**Instructions for the task**
Repeat every entry word for word, but leave the images out of your copy.

━━━━━ Stored data

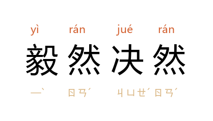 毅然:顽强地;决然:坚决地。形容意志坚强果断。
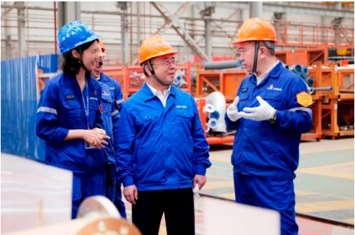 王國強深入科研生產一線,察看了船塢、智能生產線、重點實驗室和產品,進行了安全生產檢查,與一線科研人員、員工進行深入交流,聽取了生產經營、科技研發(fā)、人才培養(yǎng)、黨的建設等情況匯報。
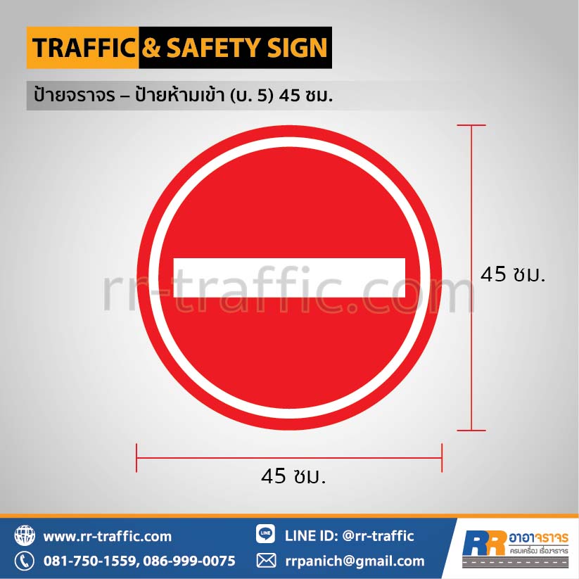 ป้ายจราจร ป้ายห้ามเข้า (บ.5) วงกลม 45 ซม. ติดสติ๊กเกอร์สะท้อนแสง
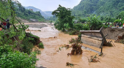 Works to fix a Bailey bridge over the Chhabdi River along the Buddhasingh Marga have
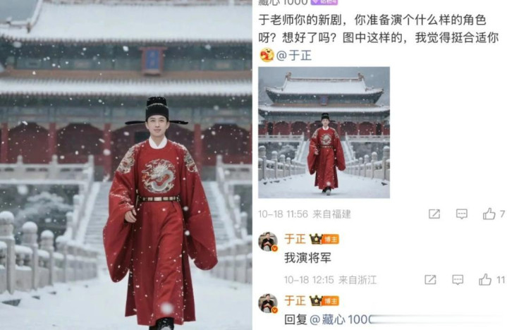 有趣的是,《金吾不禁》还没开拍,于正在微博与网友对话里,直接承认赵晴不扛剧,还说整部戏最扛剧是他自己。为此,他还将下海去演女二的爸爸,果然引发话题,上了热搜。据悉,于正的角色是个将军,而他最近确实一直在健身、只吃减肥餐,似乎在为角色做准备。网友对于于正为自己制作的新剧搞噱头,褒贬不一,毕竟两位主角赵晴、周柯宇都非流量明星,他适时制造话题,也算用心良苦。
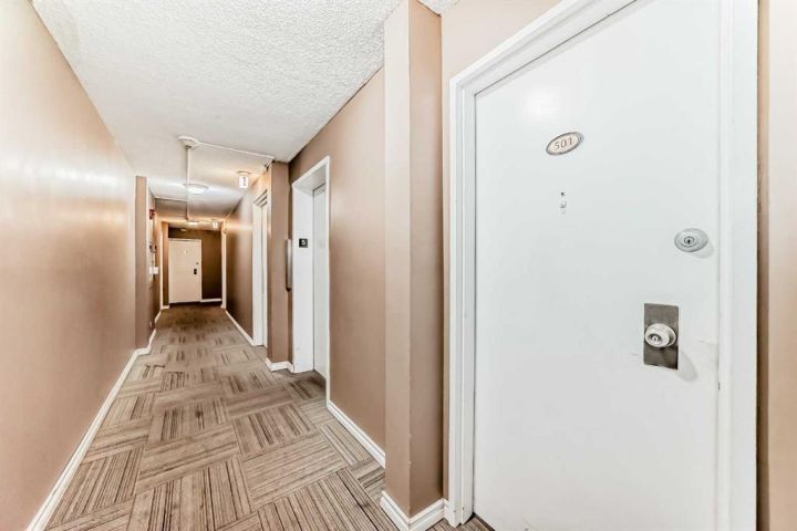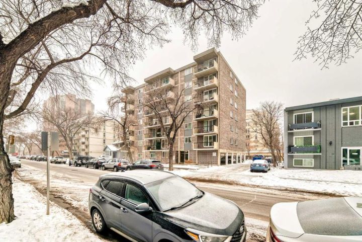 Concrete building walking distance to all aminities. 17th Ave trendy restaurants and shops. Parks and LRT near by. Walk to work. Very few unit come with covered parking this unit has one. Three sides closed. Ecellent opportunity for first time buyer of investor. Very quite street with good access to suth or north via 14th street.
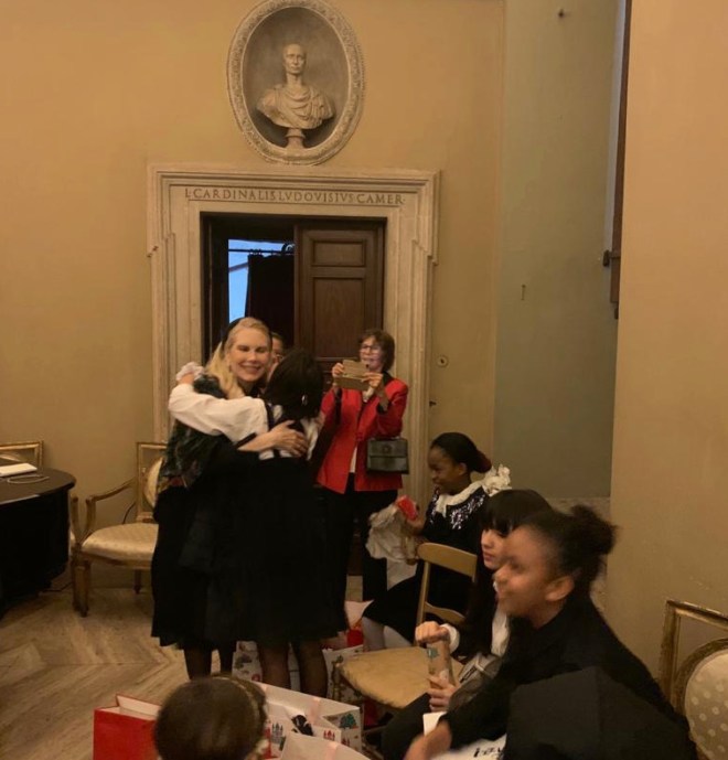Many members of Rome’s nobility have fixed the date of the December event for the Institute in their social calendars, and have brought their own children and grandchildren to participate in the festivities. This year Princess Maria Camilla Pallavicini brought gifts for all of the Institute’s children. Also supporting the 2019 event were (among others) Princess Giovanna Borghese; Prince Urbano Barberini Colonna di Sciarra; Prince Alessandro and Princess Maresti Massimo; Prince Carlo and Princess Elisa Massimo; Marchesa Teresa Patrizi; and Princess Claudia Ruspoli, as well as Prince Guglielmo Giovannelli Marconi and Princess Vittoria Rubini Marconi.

━━━━━━━━━━

**Task solution**
 毅然:顽强地;决然:坚决地。形容意志坚强果断。
 王國強深入科研生產一線,察看了船塢、智能生產線、重點實驗室和產品,進行了安全生產檢查,與一線科研人員、員工進行深入交流,聽取了生產經營、科技研發(fā)、人才培養(yǎng)、黨的建設等情況匯報。
 ป้ายจราจร ป้ายห้ามเข้า (บ.5) วงกลม 45 ซม. ติดสติ๊กเกอร์สะท้อนแสง
 Works to fix a Bailey bridge over the Chhabdi River along the Buddhasingh Marga have
 有趣的是,《金吾不禁》还没开拍,于正在微博与网友对话里,直接承认赵晴不扛剧,还说整部戏最扛剧是他自己。为此,他还将下海去演女二的爸爸,果然引发话题,上了热搜。据悉,于正的角色是个将军,而他最近确实一直在健身、只吃减肥餐,似乎在为角色做准备。网友对于于正为自己制作的新剧搞噱头,褒贬不一,毕竟两位主角赵晴、周柯宇都非流量明星,他适时制造话题,也算用心良苦。
 Concrete building walking distance to all aminities. 17th Ave trendy restaurants and shops. Parks and LRT near by. Walk to work. Very few unit come with covered parking this unit has one. Three sides closed. Ecellent opportunity for first time buyer of investor. Very quite street with good access to suth or north via 14th street.
Many members of Rome’s nobility have fixed the date of the December event for the Institute in their social calendars, and have brought their own children and grandchildren to participate in the festivities. This year Princess Maria Camilla Pallavicini brought gifts for all of the Institute’s children. Also supporting the 2019 event were (among others) Princess Giovanna Borghese; Prince Urbano Barberini Colonna di Sciarra; Prince Alessandro and Princess Maresti Massimo; Prince Carlo and Princess Elisa Massimo; Marchesa Teresa Patrizi; and Princess Claudia Ruspoli, as well as Prince Guglielmo Giovannelli Marconi and Princess Vittoria Rubini Marconi.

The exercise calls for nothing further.